(What is needed): Your answer must be the exact lines below, starting with the line with "110mm Electric Planer" and going on through the line with "This work is", both included, with no pictures.

(Record set):

BEGIN

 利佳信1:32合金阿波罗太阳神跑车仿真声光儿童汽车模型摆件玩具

END
BEGIN

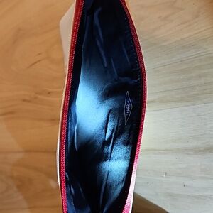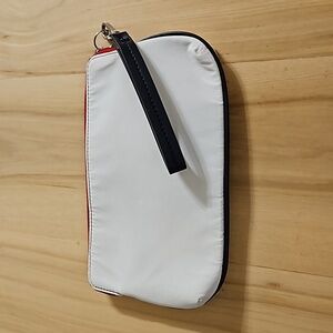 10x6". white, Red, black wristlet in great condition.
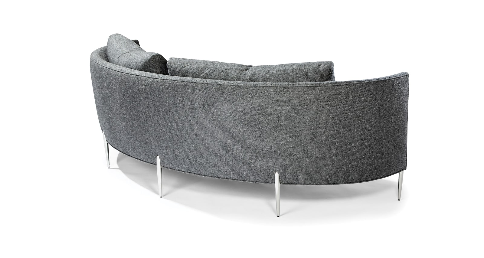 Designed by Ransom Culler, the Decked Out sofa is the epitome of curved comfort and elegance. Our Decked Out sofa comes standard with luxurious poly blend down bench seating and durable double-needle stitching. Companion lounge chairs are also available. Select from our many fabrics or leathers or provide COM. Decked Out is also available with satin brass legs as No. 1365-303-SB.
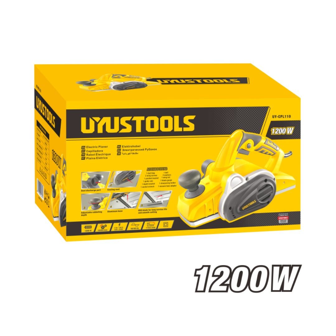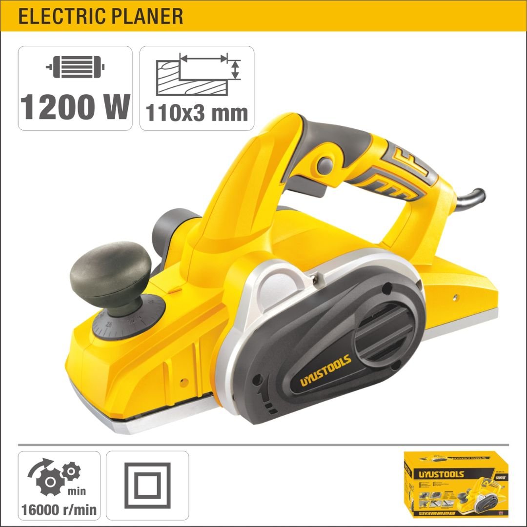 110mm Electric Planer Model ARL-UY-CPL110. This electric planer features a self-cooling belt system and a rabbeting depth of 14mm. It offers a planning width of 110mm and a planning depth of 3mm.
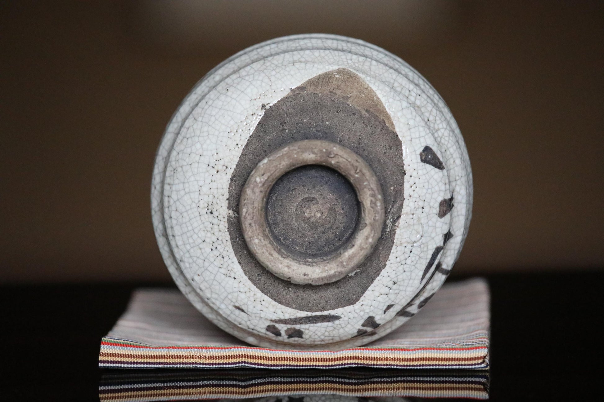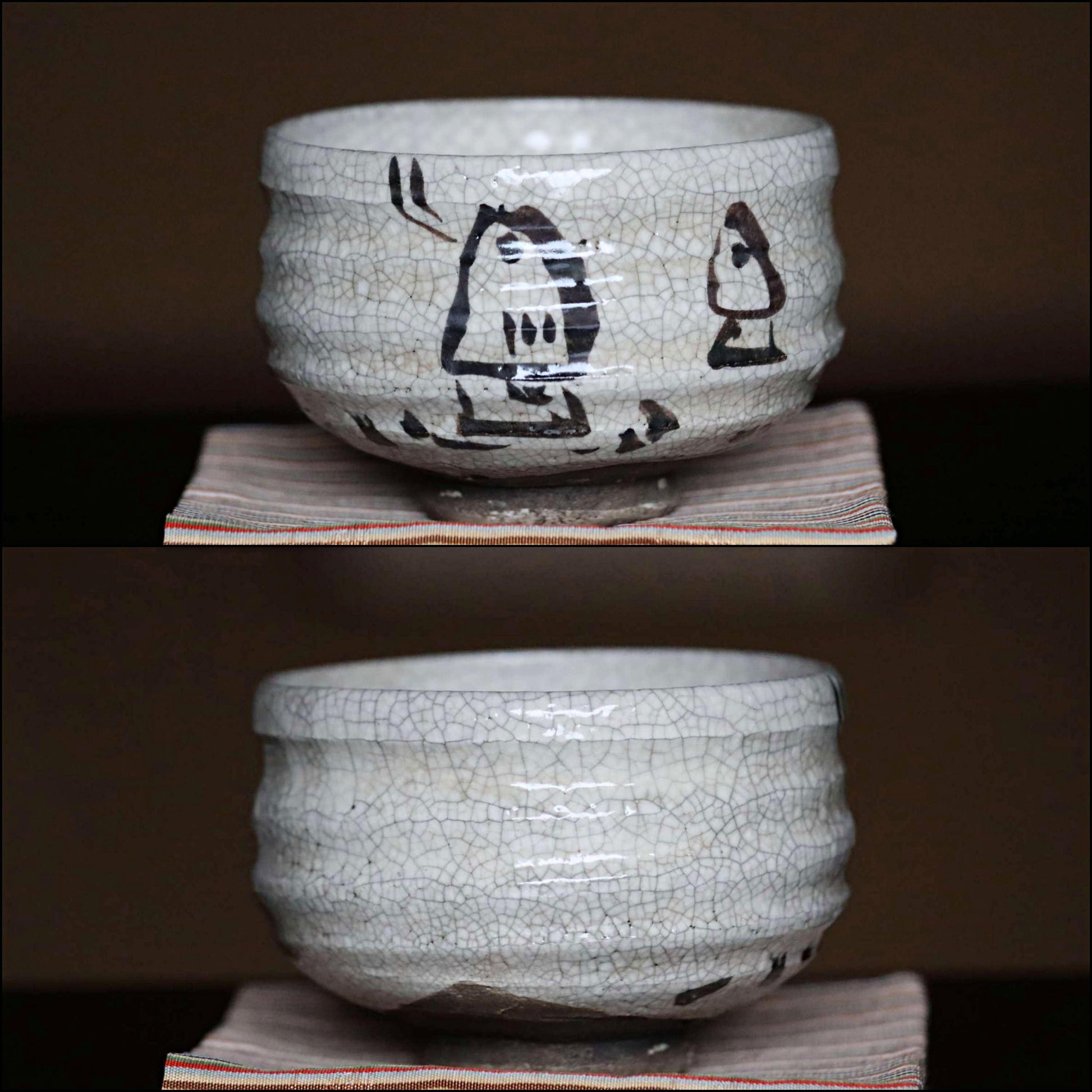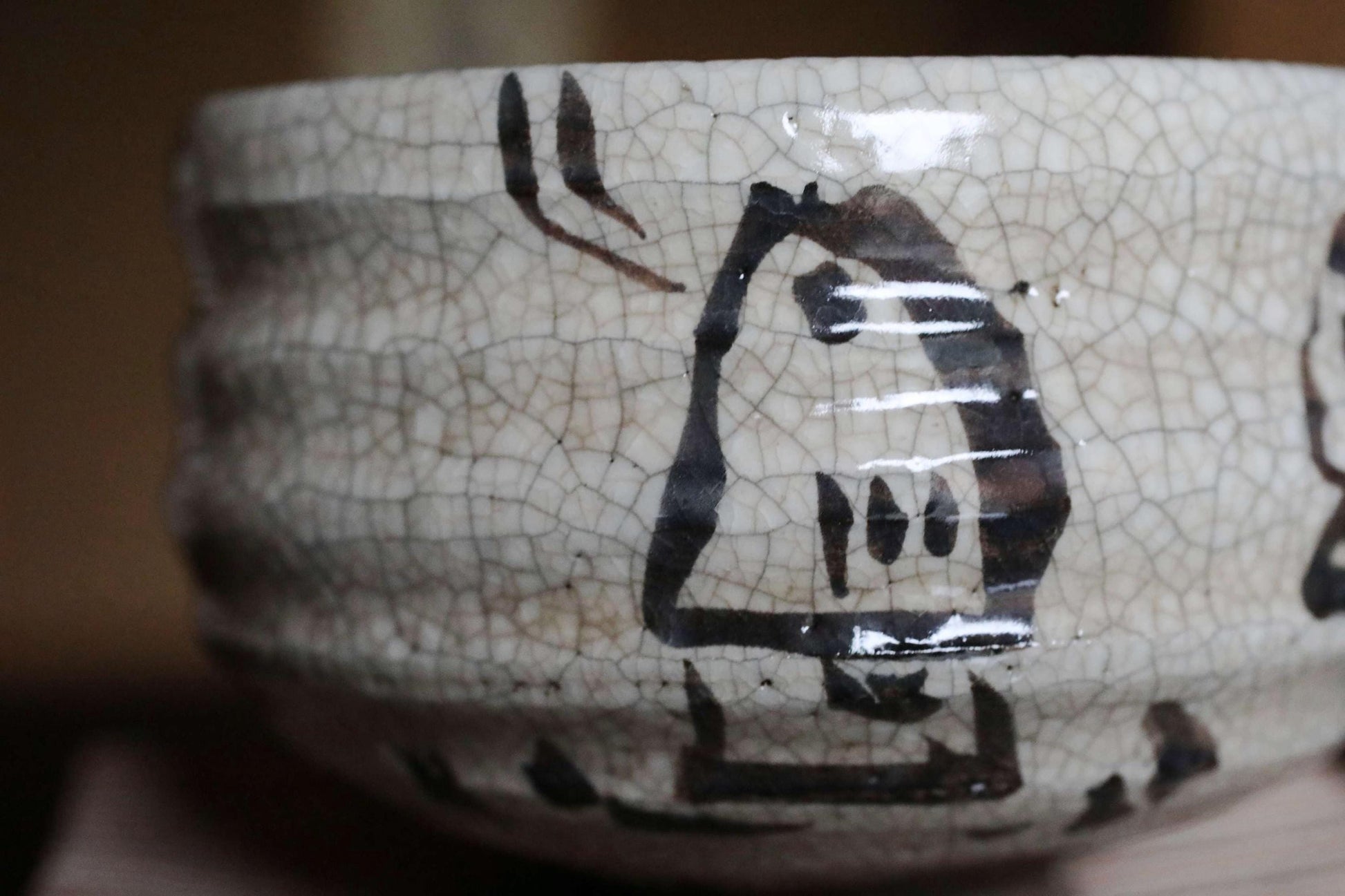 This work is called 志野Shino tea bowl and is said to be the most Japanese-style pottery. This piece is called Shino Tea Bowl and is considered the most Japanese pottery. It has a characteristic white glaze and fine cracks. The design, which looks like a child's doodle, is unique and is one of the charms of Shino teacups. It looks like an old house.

END

(Answer):
 110mm Electric Planer Model ARL-UY-CPL110. This electric planer features a self-cooling belt system and a rabbeting depth of 14mm. It offers a planning width of 110mm and a planning depth of 3mm.
 This work is called 志野Shino tea bowl and is said to be the most Japanese-style pottery. This piece is called Shino Tea Bowl and is considered the most Japanese pottery. It has a characteristic white glaze and fine cracks. The design, which looks like a child's doodle, is unique and is one of the charms of Shino teacups. It looks like an old house.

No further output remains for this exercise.